Likewise, any tick repellant for you or tick-control product for your pets is not 100% effective. People get upset when they use an effective topical product or collar and they find a tick. As I said earlier, if these folks found 1 or 2 while using a product, they would have found 20 without the tick-control product.
Ticks and tick exposure can be controlled and lessened — but not obliterated.
Myth #4: Ticks are seasonal.
Ticks may prefer cooler, damper weather and don’t bug us as much in the freezing cold or the hot summer. But don’t let this fool you — I have had a tick on me or my dog in January as well as in July.
Ticks celebrate all seasons and don’t discriminate when looking for their next meal.
Myth #5: Finding a tick on your dog is easy.
Even on a 5-pound, thin-haired Maltese, for example, a deer tick can be on your dog long enough to infect without you finding it. They are often tiny and neutral in color.
Learn a little more about Lyme disease in dogs in this video:
Myth #6: Tick populations are the same one year to the next.
We never know how bad the tick population or prevalence of Lyme disease will be in certain seasons or areas.
Many factors affect the incidence of Lyme disease.

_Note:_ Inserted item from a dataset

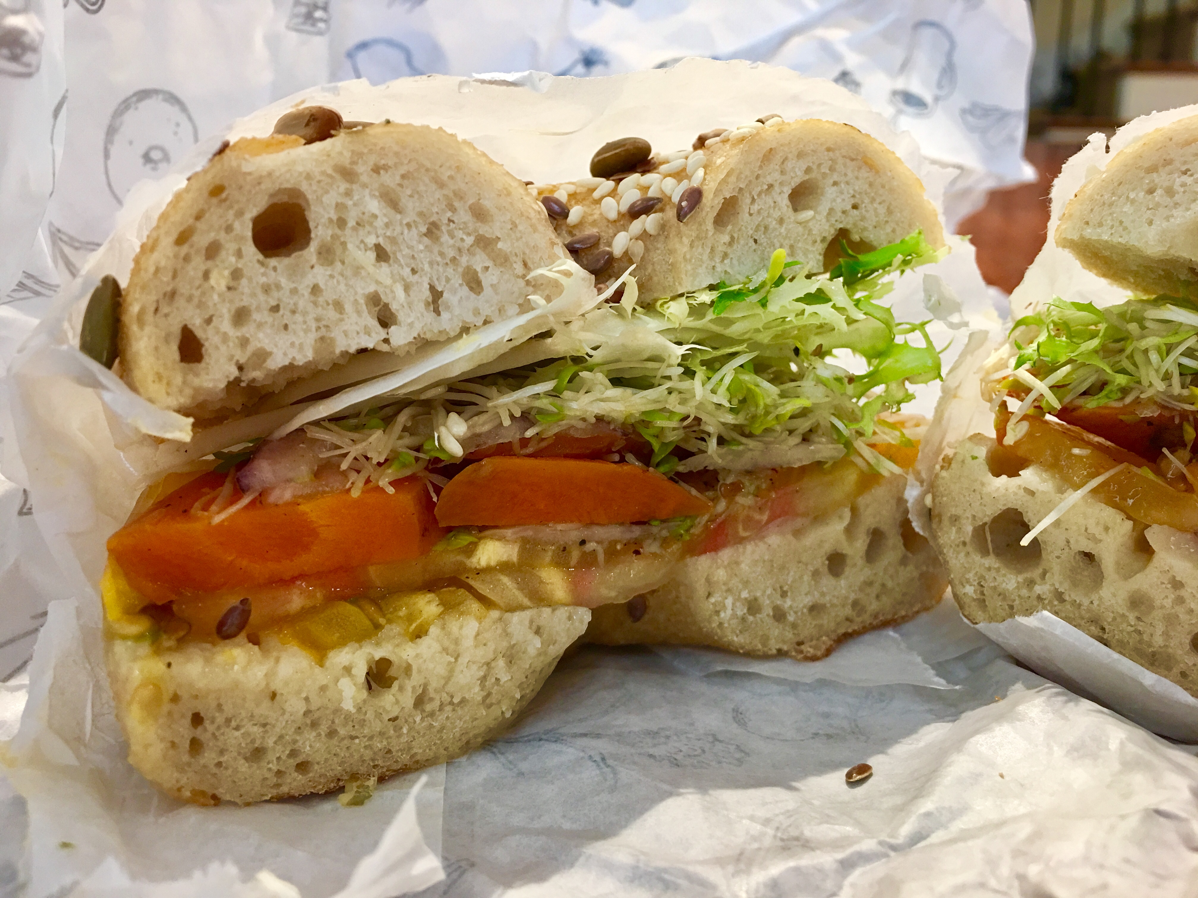 - Notable: Bagel Sandwiches (although there are no vegan bagel sandwiches on the menu, ask for the Veggie (mixed vegetables (roasted carrots, onions, tomatoes, red onion or pickled red onion, lettuce, and sprouts) without the cheese (vinaigrette is also optional). If you’ve never tasted a roasted carrot on a bagel, you’re in for a treat.

Sometimes a season is particularly bad in the Northeast, for example, because of the huge mouse population a few months earlier. Infected mice infect ticks — and mice seem pretty willing to provide their body as a home to 40–50 ticks at a time.
The more infected mice, the more infected ticks in the year to come.
Myth #7: Chronic Lyme disease is common.
If not diagnosed early, Lyme disease can cause severe secondary problems like arthritis and kidney damage.
Treatment can help only so much. Often, we don’t know the extent.
The good news?
Most dogs and humans, when treated early, are successfully treated for Lyme disease. The trick is catching clinical Lyme disease early, particularly in dogs, and beginning treatment.
I have been talking with my clients about Lyme disease almost since the disease was discovered, and I still have to tell them there is much we don’t know. Researchers in the human and veterinary field continue to be perplexed about how this big bugger of a disease can best be diagnosed and treated.
There is no perfect way to avoid contact with Lyme, no foolproof diagnostic test and no universally accepted treatment.
Please find out if there is a risk in your area and protect your pets as best you can.